▸ Problem details
Would you retype, word for word, only the lines from the one holding "Patera (etażerka) wzbogaci" through the final line of the entries below, without the pictures?

╭──

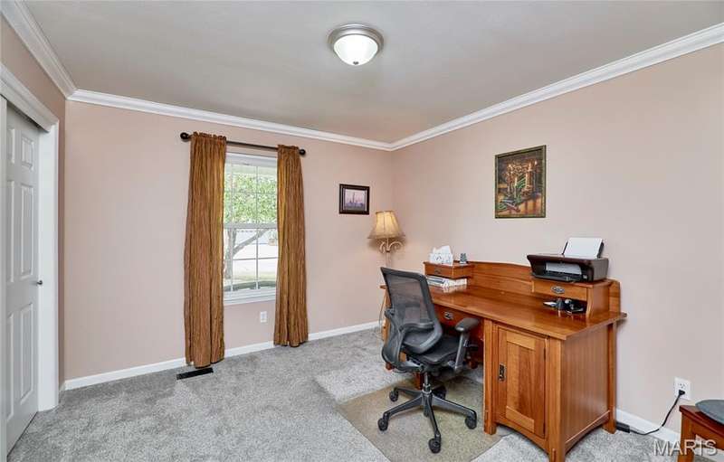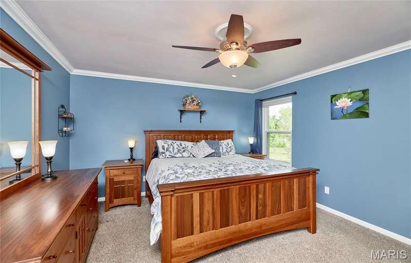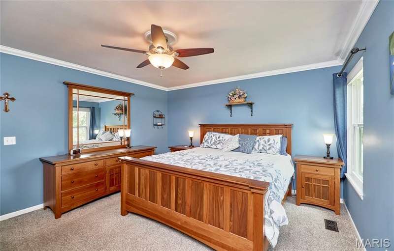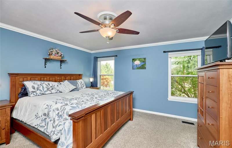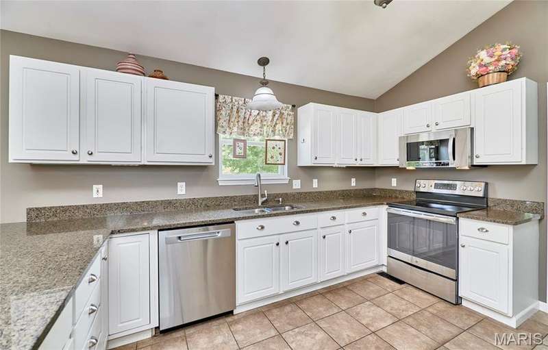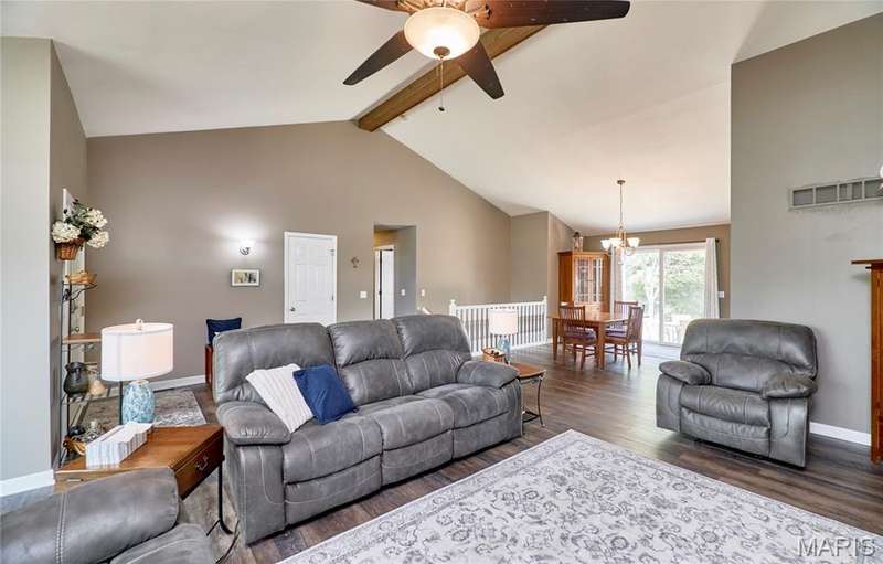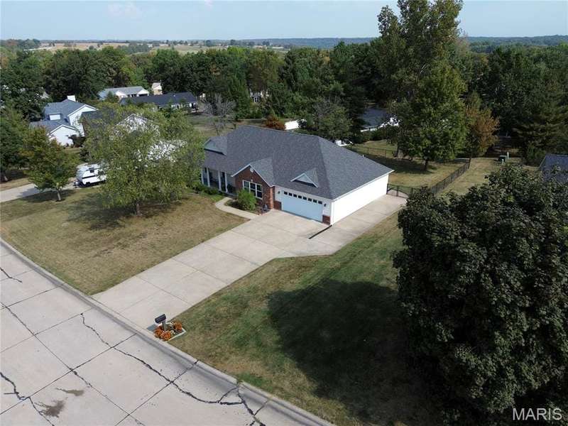 Impressive 1736 sq ft ranch style home with an abundance of upgrades just hit the market. Beautiful mature landscaping welcomes you to the expansive covered porch. Be warmly welcomed to the bright and open main living area embellished with newer low-e windows, beautiful newer floors, floor to ceiling fireplace, and wood beam. Dining area large enough to accommodate a sizeable table. The kitchen offers an extensive amount of granite counters and cabinetry, breakfast bar, some newer stainless appliances and ceramic tiled floors. The refrigerator and washer/dryer are included in the sale. Primary bedroom offers space for king bed and large furniture with walk in closet. Primary bath recently updated to include double vanity and gorgeous walk-in shower. Fabulous entertaining space in the finished lower level with wet bar, additional room perfect for office or additional guest, full bath, and ample storage. Delight in the oversized drive and oversized garage with additional parking pad that will accommodate a boat or RV. Fenced back yard with massive patio for your enjoyment. Conveniently located too so much! This may be the perfect fit to what you have been looking for.
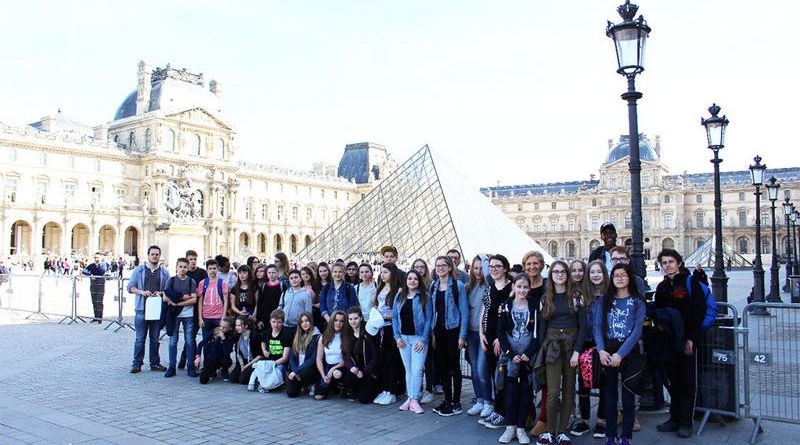 Direkt im Anschluss zur ersten Wochen sind wir alle gemeinsam für eine weitere Woche nach Breteuil gefahren, wo den Schülern ein abwechslungsreiches Programm geboten wurde. Neben einem internationalen Frühstück in der Schule und der Besichtigung von Breteuil inklusive Empfang durch den Bürgermeister, hat die Gruppe im Rahmen von zwei Ganztagsausflügen viel von Frankreich erleben können. Bei der Besichtigung der Hafenstadt Rouen durften sich die Schüler in der Kathedrale als Organisten versuchen und bekamen in der Panoramaausstellung von Yadegar Asisi einen eindrucksvollen Blick auf Rouen zur Zeit von Jeanne d‘Arc. Bei einem Stadtspaziergang durch Paris konnten die Schüler viele der schönsten Sehenswürdigkeiten hautnah kennenlernen: die Kirche Sacré-Cœur de Montmartre, das Museum Louvre, die Shoppingmeile Avenue des Champs-Élysées, die Kathedrale Notre Dame und den Park Jardin des Tuileries. Als krönender Abschluss durfte der Blick auf Paris von der Aussichtplattform des Eiffelturms nicht fehlen.
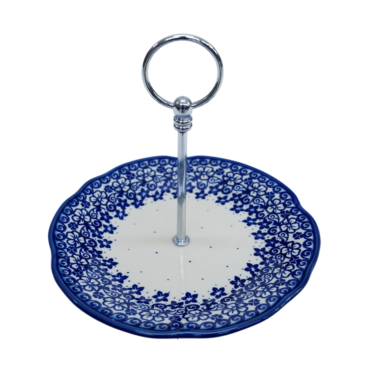 Patera (etażerka) wzbogaci artystyczne nakrycie stołu i pięknie wyeksponuje najsłodszy deser. Patera jest łatwa w przenoszeniu i ustawianiu w dowolnie wybranym miejscu dzięki uchwytowi ze stali nierdzewnej. Ciastka, desery, owoce, ciasteczka czy torty podane na bolesławieckim naczyniu zachwycą Twoich gości.
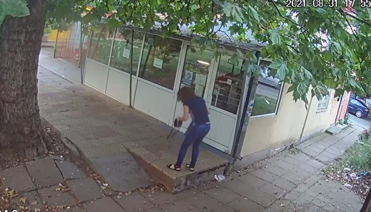 Камери заснеха как жена краде детска чантичка пред сладкарница в Русе
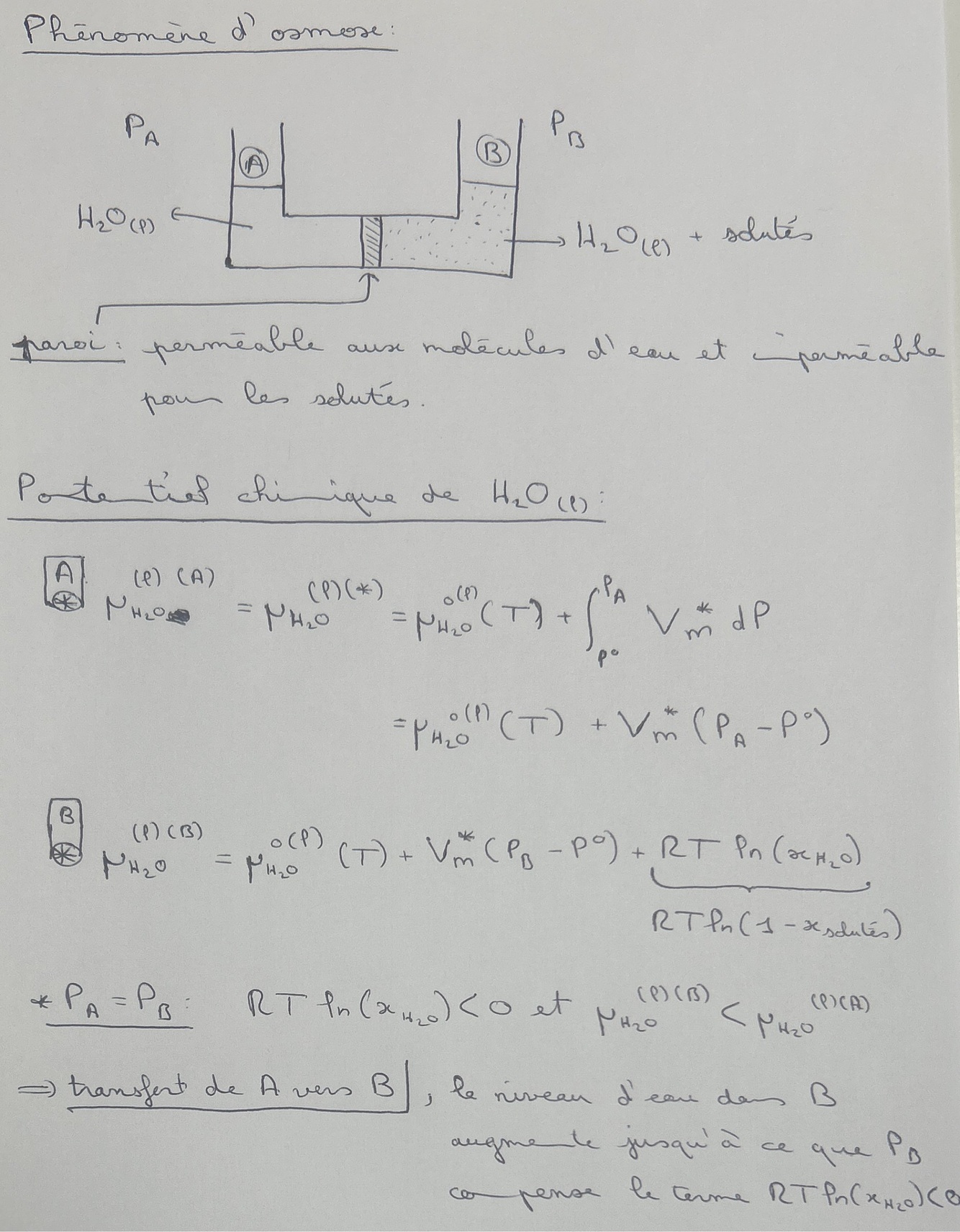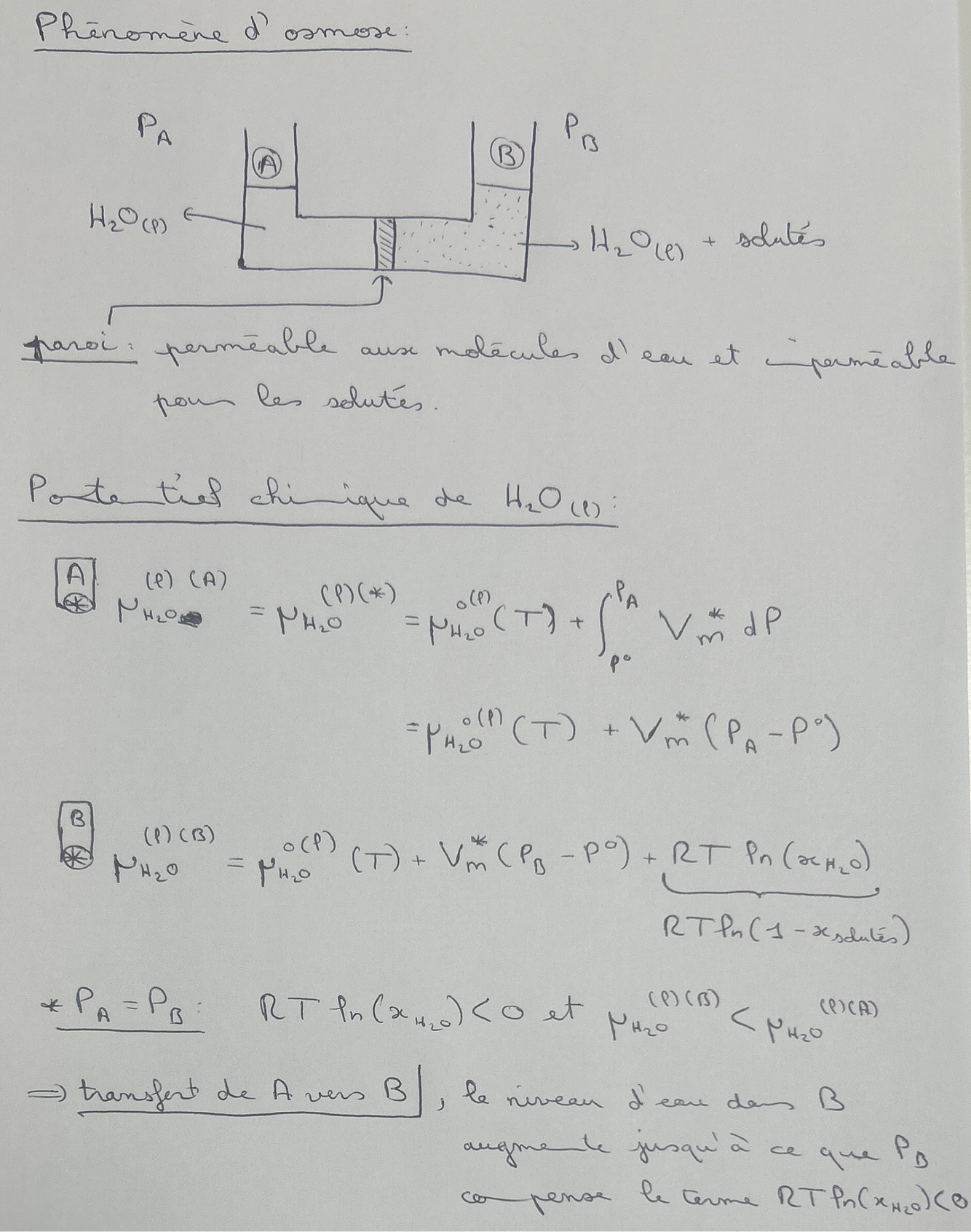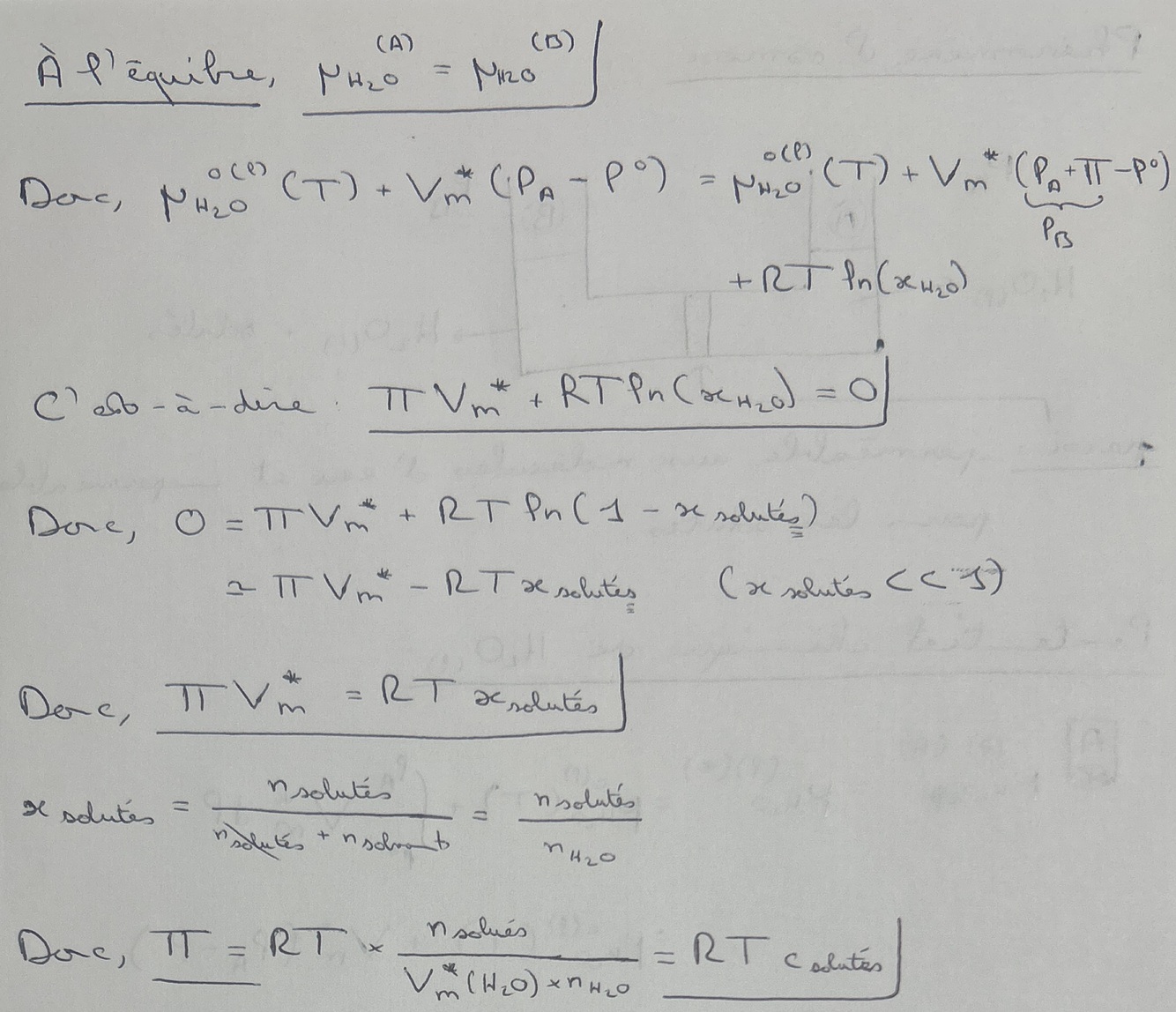 On appelle pression osmotique π la surpression à appliquer pour être à l’équilibre

╰──

▸ Exercise response
 Patera (etażerka) wzbogaci artystyczne nakrycie stołu i pięknie wyeksponuje najsłodszy deser. Patera jest łatwa w przenoszeniu i ustawianiu w dowolnie wybranym miejscu dzięki uchwytowi ze stali nierdzewnej. Ciastka, desery, owoce, ciasteczka czy torty podane na bolesławieckim naczyniu zachwycą Twoich gości.
 Камери заснеха как жена краде детска чантичка пред сладкарница в Русе
 On appelle pression osmotique π la surpression à appliquer pour être à l’équilibre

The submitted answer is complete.